Because this is an intra-net site the certificate of the web service might be a self-signed certificate.
The web service and the web page that loads my Flex application resides on the same web server (tomcat) so when I load the web page of the application with HTTPS I been asked to confirm the certificate, I confirm it but this confirmation does not apply on the Flex application (on Internet Explorer and Firefox).
I tried Google's Chrome and it actually asked me twice for confirmation, one for the web page and one for the connection to the web service so it worked great.
Is there a way to tell Flash player to accept also self-signed certificates of is it entirely concern the browser and Adobe guys can't do nothing about it?
In other words, is there a way to connect to a self-signed certificates HTTPS web services from Adobe Flex???
Thanks.
When I put on my security hat the answer would be I hope not. I don't want browser plugins to bypass my browser security settings. I'd consider that a vulnerability.
There might be a way for standalone Air applications, but in browser Flash should honor browser settings.

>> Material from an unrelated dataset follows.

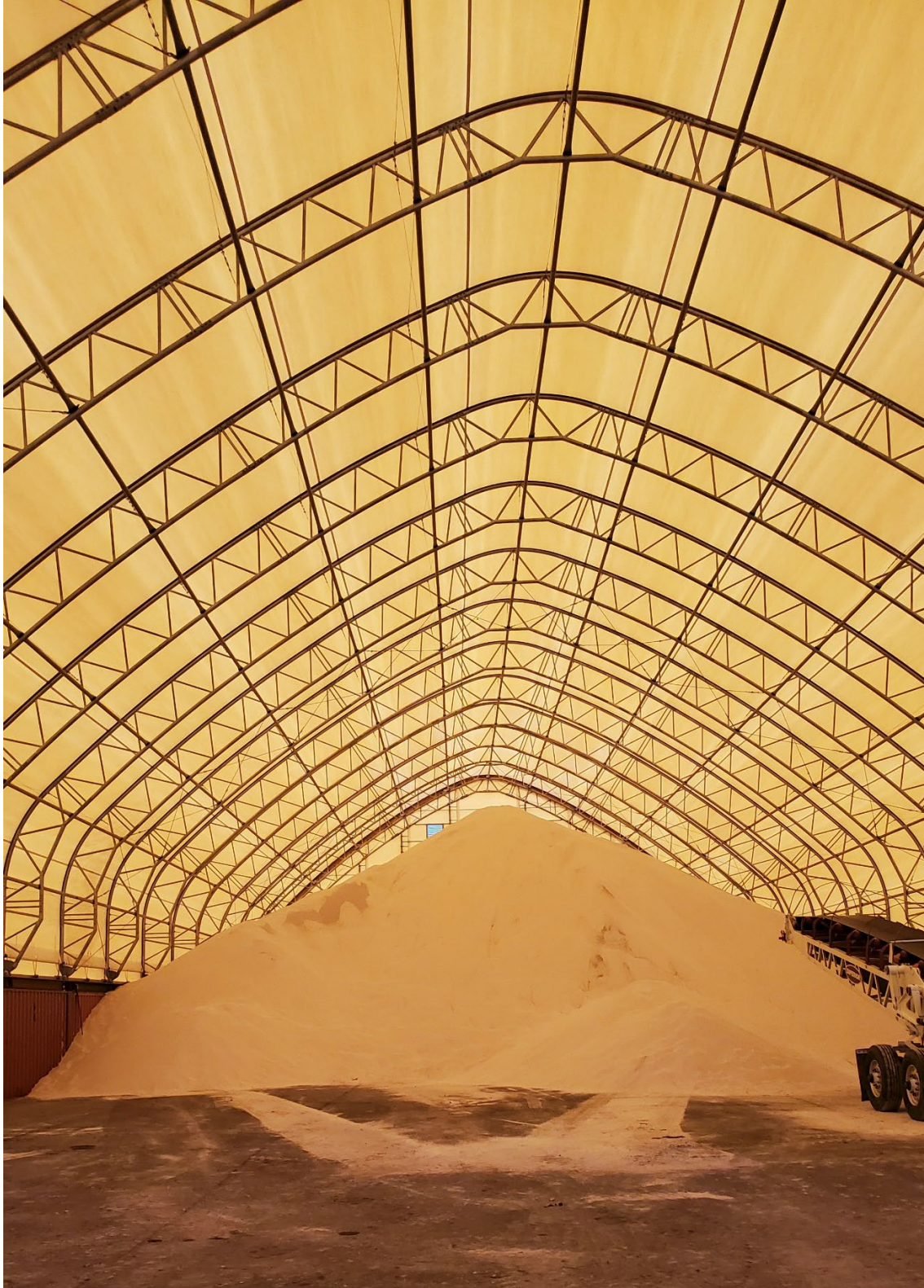
Figure 3: Inside of temporary building

Number of Partial Inspection this Fiscal Year: 4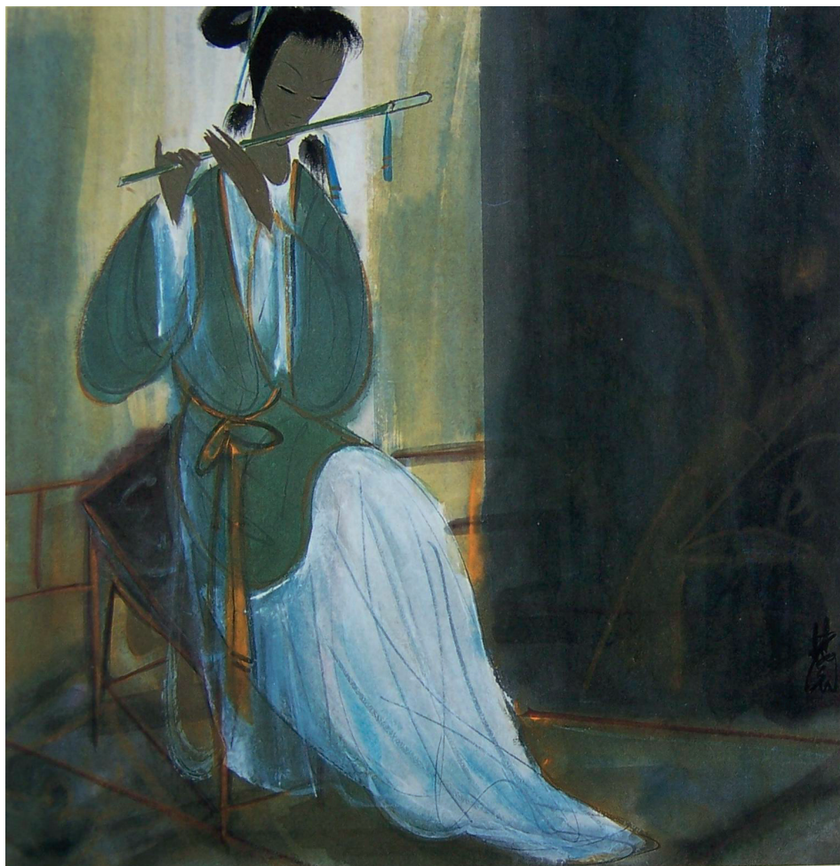
Fig. 1. Lin Fengmian, Flute Lady , ink color painting, 33×33 cm. c. 1940s

In your company, you could create your own root CA, add its certificate to all machines that will access the intranet, and then have the CA issue your web service a certificate. The certificate will no longer be self-signed. The two main issues are: (1) managing the private key of your CA, (2) distributing the CA's root certificate to client PCs.
You need to download the cert and install it on both IE and Firefox.
To install a cert on IE:
http://www.markwilson.co.uk/blog/2008/11/trusting-a-self-signed-certificate-in-windows.htm
To install a cert on FF:
Go to Tools->Options and click on the Encryption tab. Click "View Certificates", then "Import".
In my experience, the cert has to be either verified or installed in the browser in order to get Flash to work properly. The cert also needs to have a valid hostname, but you can just edit your client's hostfile if you need to do this for testing.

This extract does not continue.